Sob essa perspectiva, a experiência é fundamental para a criatividade, contudo,

a inspiração eleva a qualidade da criação a um nível diferente. As ferramentas criativas

encorajam o utilizador a pensar em soluções de forma diferente, além de motivar novas

formas de pensamento. Dentro desse contexto, o processo criativo do designer no

desempenho do seu trabalho, designadamente a criação de um novo produto, é

facilitado com o recurso a analogias.

Para Baxter (2001), analogia é uma forma de raciocínio, em que as propriedades

de um objeto são transferidas para um outro objeto diferente, mas com certas

propriedades em comum. Assim, uma corda pode lembrar uma cascavel, quando

estiver enrolada no chão, ou uma rampa de escape para emergências, quando estiver

pendurada numa janela, ou uma ponte, quando estiver amarrada em dois postes.

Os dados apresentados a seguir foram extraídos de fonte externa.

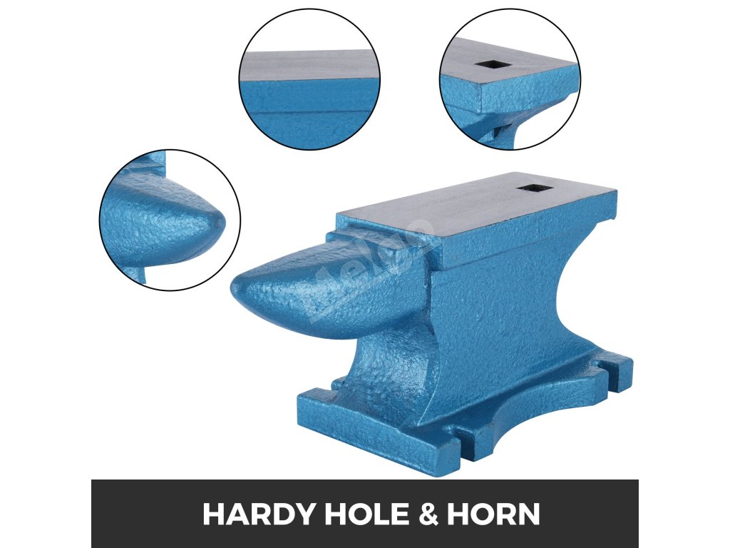 Zaoblený roh liatinovej kovadliny sa uplatňuje pri hladkom ohýbaní a tvarovaní. Štvorcový otvor možno použiť na príslušenstvo, dierovanie a ohýbanie.
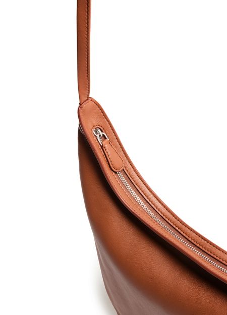 Reveal The Row's N/S Izzy shoulder bag, crafted from smooth leather with a single handle and thin strap for versatile styling. Visible stitching and a tone-on-tone lining highlight refined craftsmanship, while a spacious interior with zippered and open pockets ensures both elegance and practicality.
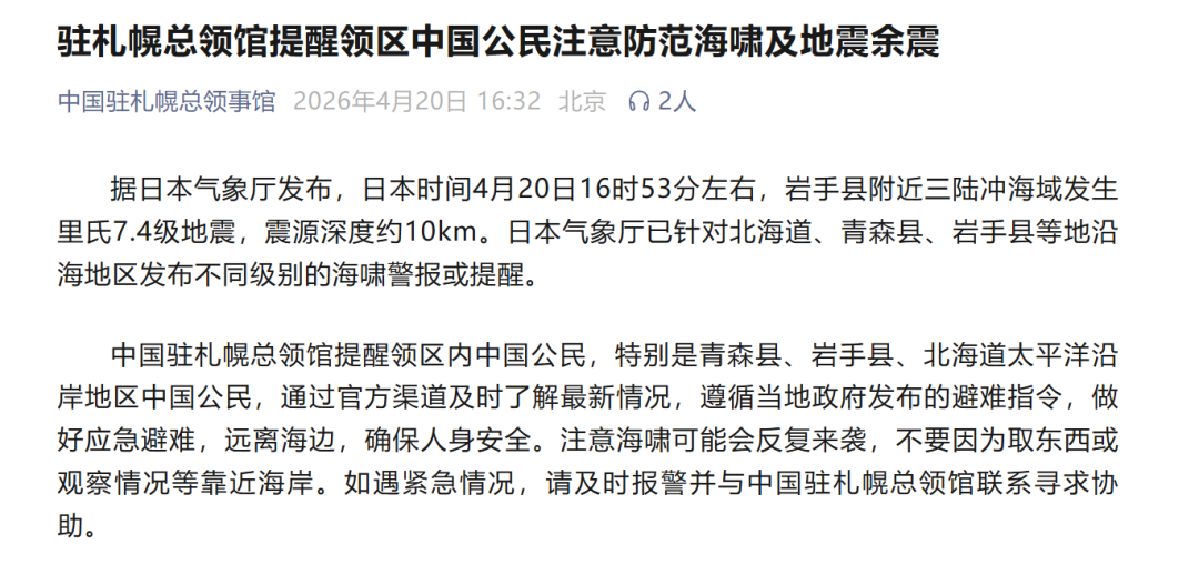驻札幌总领馆提醒领区中国公民注意防范海啸及地震余震 据日本气象厅发布,日本时间4月20日16时53分左右,岩手县附近三陆冲海域发生里氏7.4级地震,震源深度约10km。中国驻札幌总领馆提醒领区内中国公民,通过官方渠道及时了解最新情况,遵循当地政府发布的避难指令,做好应急避难,远离海边,确保人身安全。如遇紧急情况,请及时报警并与中国驻札幌总领馆联系寻求协助。(详情请戳↓↓↓)
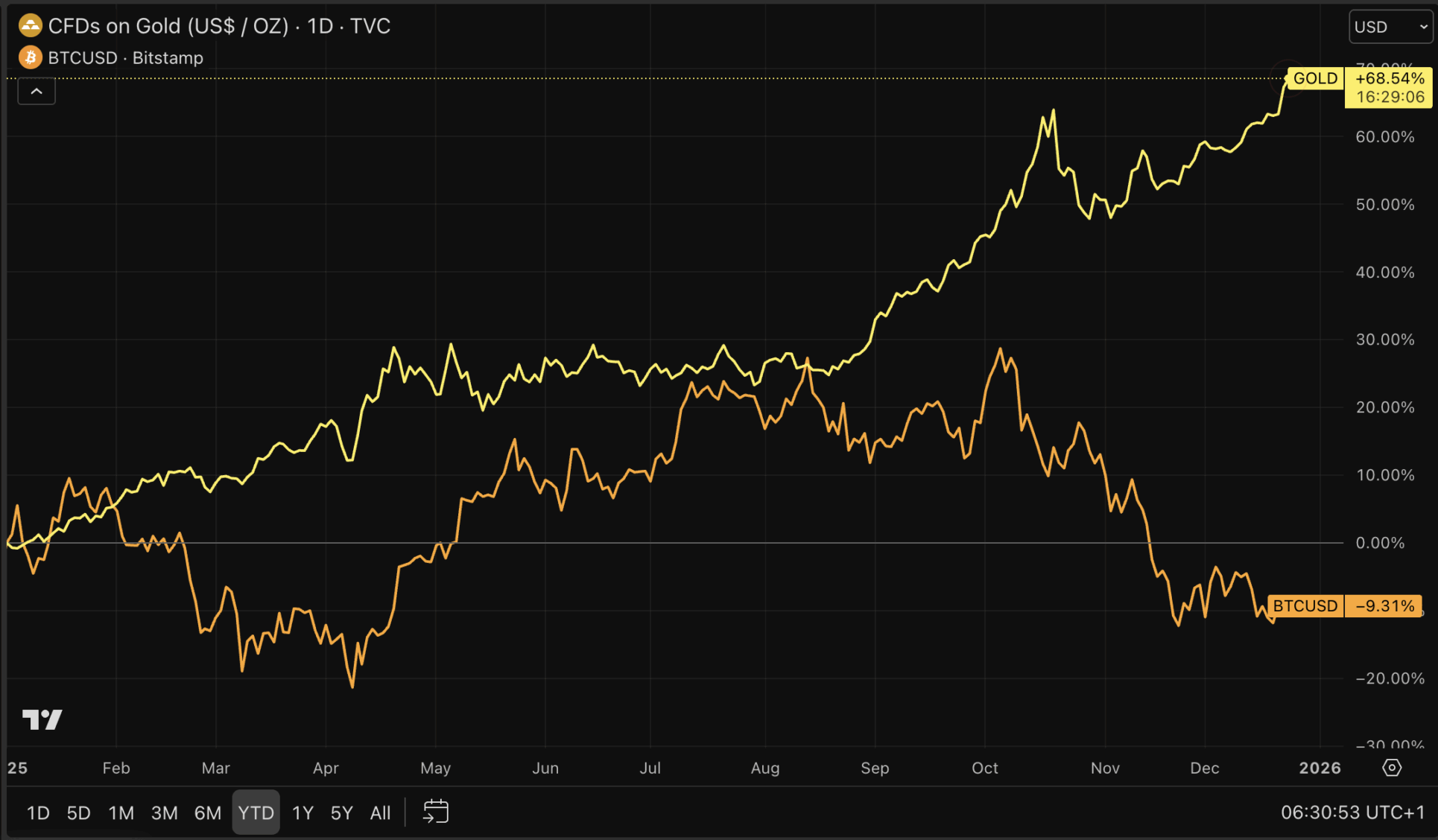 Pour l’instant, Bitcoin ne parvient pas à se remettre de la mauvaise période. Ces dernières 24 heures, nous avons observé une baisse de près de 1 % du cours, qui a atteint son niveau actuel de 87 950 dollars. Cela montre que les performances de Bitcoin restent instables, tandis que le cours de l’or atteint de nouveaux records. Pourquoi Bitcoin ne parvient-il pas à suivre l’or ?
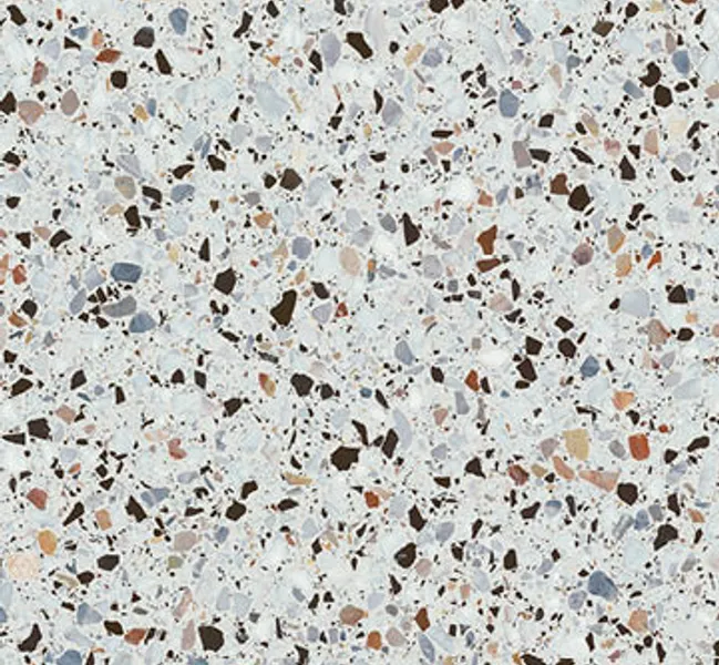 Terazzo Colore w nowoczesnym wydaniu. Bardzo wyrazisty i dynamiczny za sprawą różnych odcieni kamyków wtopionych w jego strukturę. Od jasnych odcieni pomarańczy, poprzez ceglany róż oraz beże, po ciemne brązy i grafit. Terazzo Colore zachwyca ferią odcieni skontrastowanych na tle ciepłej bieli. Doskonale sprawdzi się jako akcent na frontach mebli, ale zestawiony ze stonowanymi unikolorami, może stanowić dla nich doskonałe tło w bardziej odważanych aranżacjach.
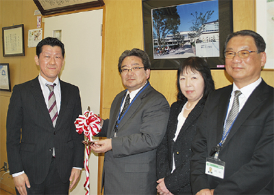 「左利き」の児童が抱える不自由さを解消しようと、西門の文房具店・菊屋浦上商事株式会社の浦上裕生代表取締役社長は22日、南区・夢の丘小学校に左利き用の「お玉」を寄付した。
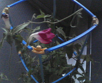 支柱にそって育ってくれないのであさっての方向に伸びています。
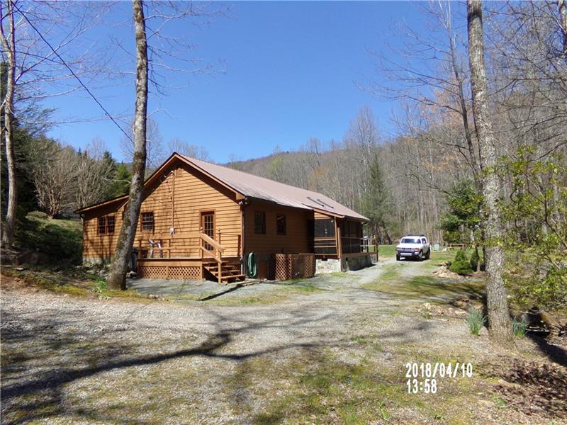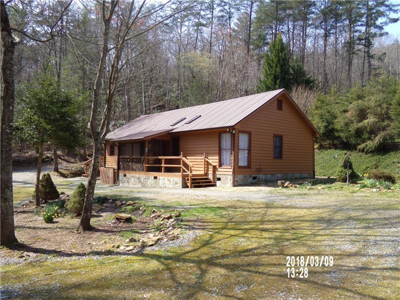 PRICE REDUCED/ACREAGE INCREASED! HIKERS HEAVEN. Owner has cut trails through their property for the Hiking Enthusiast. Recently stained exterior, new stainless kitchen appliances, freshly painted kitchen cabinets. Carpet in bedrooms to be replaced in the near future.3 heat source. Quaint cabin on 3.5 ares. Screened front porch.The easy lay of the land and short walk to the stream give this property a peaceful setting. Secluded and private. Sit on front porch and listen to the stream. 3 bedrooms 2 bath, wood burn heater. Nice country drive to the property.
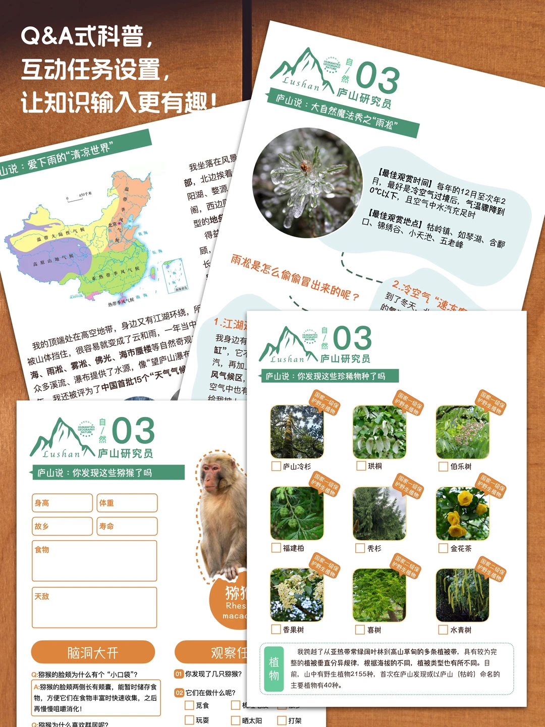 出发前,我为小翼设计了一套“庐山研学科普手册”(见图8~10)
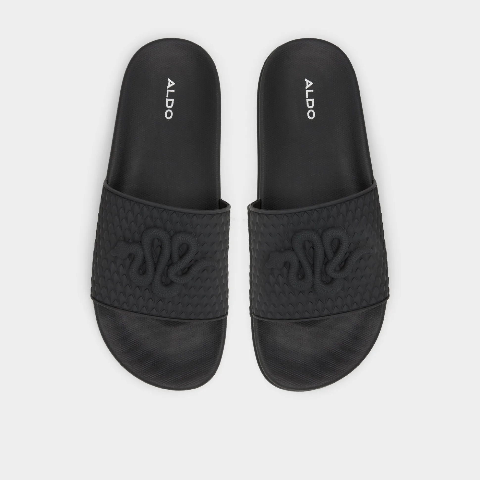 Spice up your laidback looks with these sleek slides adorned with a standout snake ornament.
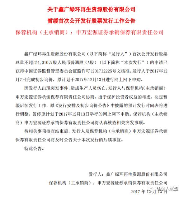 12月13日,鑫广绿环再生资源股份有限公司(鑫广绿环,603302)公告称,该公司原计划于2017年12月13日进行网上网下申购。因发行人出现突发事件,造成生产人员伤亡,发行人与保荐机构(主承销商)申万宏源证券承销保荐有限责任公司协商,出于保护投资者权益的考虑,决定暂缓后续发行工作。
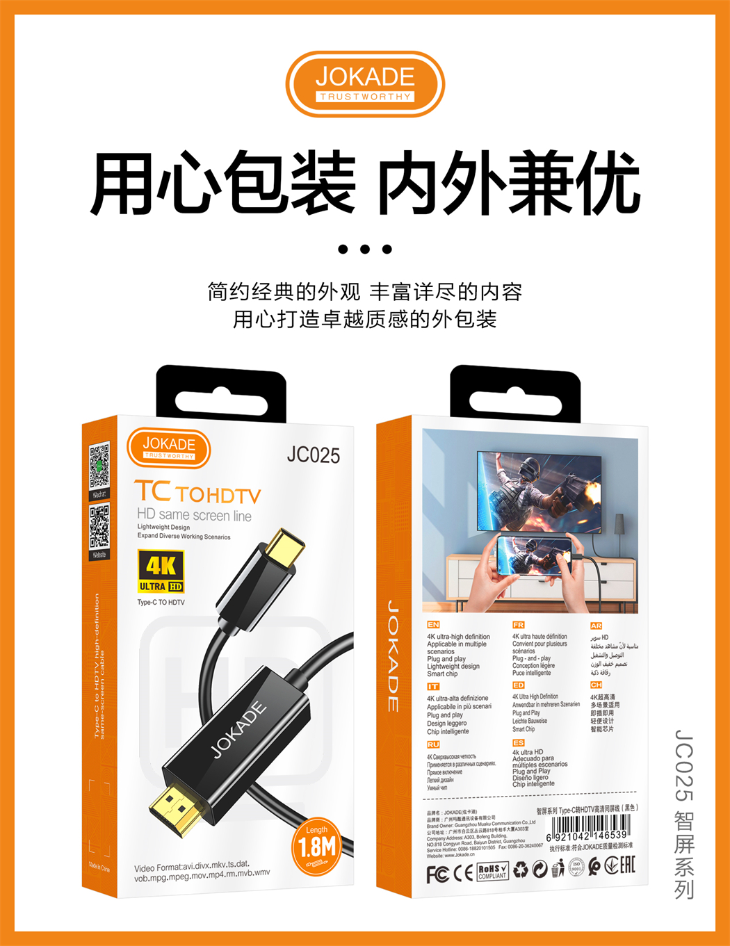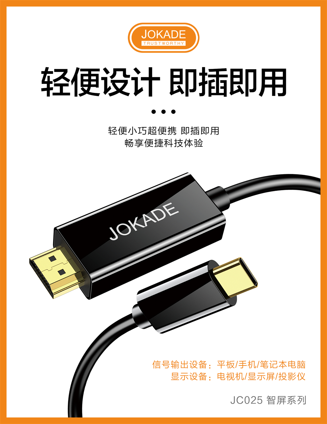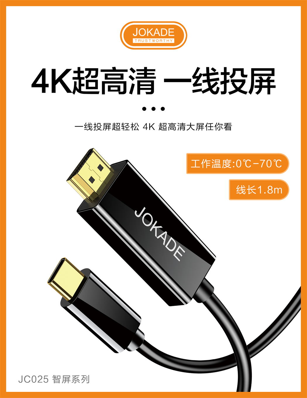 产品名称:JC025 智屏系列 Type-C转HDTV高清同屏线
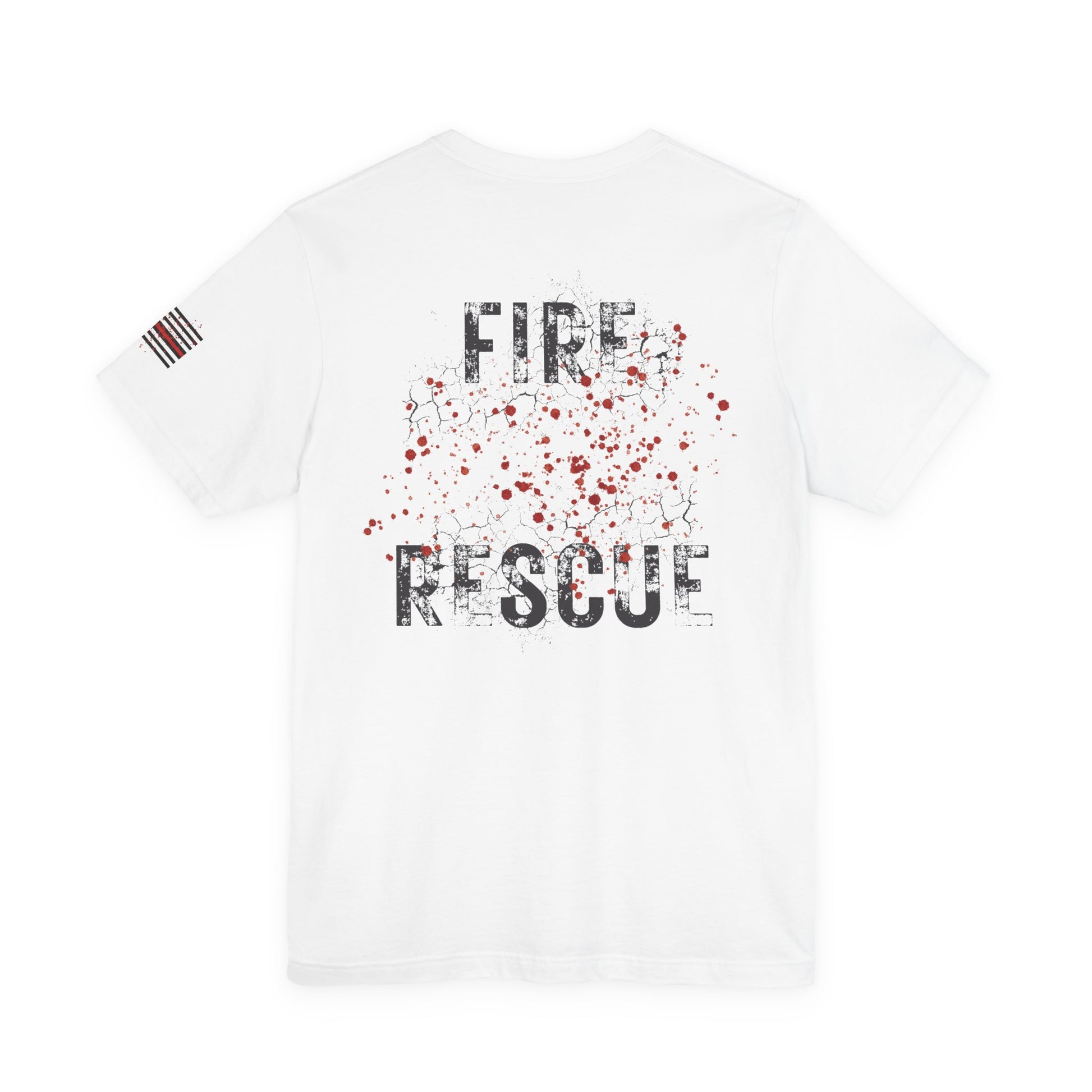 - Thin red line flag on sleeve with blood-splatter front graphic
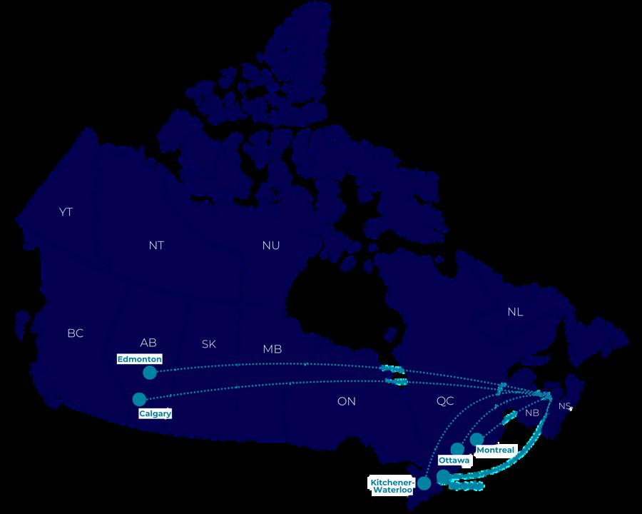 The Charlottetown Airport (YYG) offers direct flights from Montréal, Toronto, and Ottawa on a year-round basis and, Calgary, Edmonton, and Kitchener-Waterloo on a seasonal basis
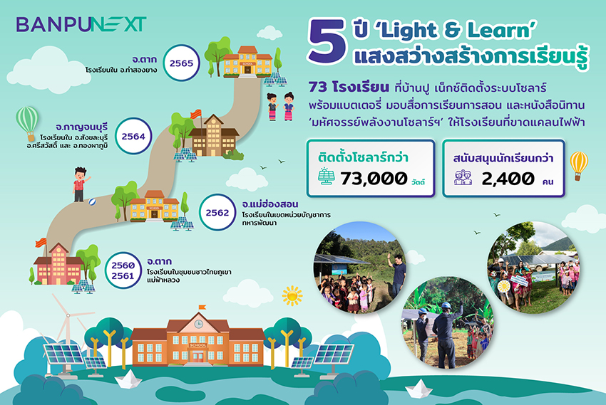 นายสินนท์ ว่องกุศลกิจ ประธานเจ้าหน้าที่บริหาร บริษัท บ้านปู เน็กซ์ จำกัด กล่าวว่า “ตลอด 5 ปีที่บ้านปู เน็กซ์ดำเนินโครงการพลังงานแสงอาทิตย์เพื่อการเรียนรู้ Light & Learn เรานำระบบโซลาร์ไปติดตั้งให้แก่โรงเรียนในพื้นที่ห่างไกลและไม่มีไฟฟ้าใช้ โดยเชื่อว่าแสงสว่างจะเป็นอีกหนึ่งพลังที่ช่วยยกระดับการเรียนการสอน พร้อมสร้างประโยชน์รอบด้านให้เยาวชนไทย และคุณครูอย่างยั่งยืน ไม่ว่าจะเป็น 1.ด้านการเรียนรู้ ช่วยเปิดประสบการณ์ใหม่ ๆ ให้เด็ก ๆ ได้พัฒนาการใช้ภาษาไทย และความคิดสร้างสรรค์ 2. ด้านการสอน สนับสนุนให้คุณครูใช้สื่อการสอนที่หลากหลาย และทันต่อโลกยุคใหม่ 3. ด้านคุณภาพชีวิต อำนวยความสะดวกในการดำรงชีวิต 4. ด้านสิ่งแวดล้อม ได้ใช้ไฟฟ้าจากพลังงานสะอาด 100% ซึ่งเด็ก ๆ จะถูกปลูกฝังเรื่องพลังงานสะอาดผ่านการใช้และร่วมกันดูแลรักษา 5.ด้านจิตใจ เติมเต็มความสุข สร้างรอยยิ้ม และความฝันให้เด็ก ๆ จากการเรียนรู้ผ่านสื่อการสอนที่หลากหลาย”

Existem muitas maneiras de usar as analogias no processo criativo. Elas sugerem a

exploração de novas funções, novas configurações e novas aplicações de um produto.

Segundo Schild et al (apud SOARES, 2008), o uso de analogias é um princípio

básico do biodesign, pois a partir de uma função técnica que precisa ser realizada, ou

um novo produto a ser desenvolvido, os designers procuram na natureza por sistemas

com funções similares, em seguida transferem os atributos estruturais ou subsistemas

do sistema biológico para o sistema técnico que necessita ser desenvolvido. Dessa

forma, a utilização de analogias faz com que o problema original seja transferido para

um nível abstrato. Quando a solução é encontrada, ela é traduzida e adaptada à área do

problema original.

Desse modo, o biodesign pode considerar-se uma ferramenta criativa de

ecodesign, na medida em que se caracteriza por uma pesquisa sistemática de

mecanismos biológicos que possam contribuir para o design de produtos sustentáveis.

Não obstante, a natureza, principal fonte de inspiração para o biodesign, integra os

recursos existentes em um território, caracterizado por elementos culturais, materiais

e imateriais.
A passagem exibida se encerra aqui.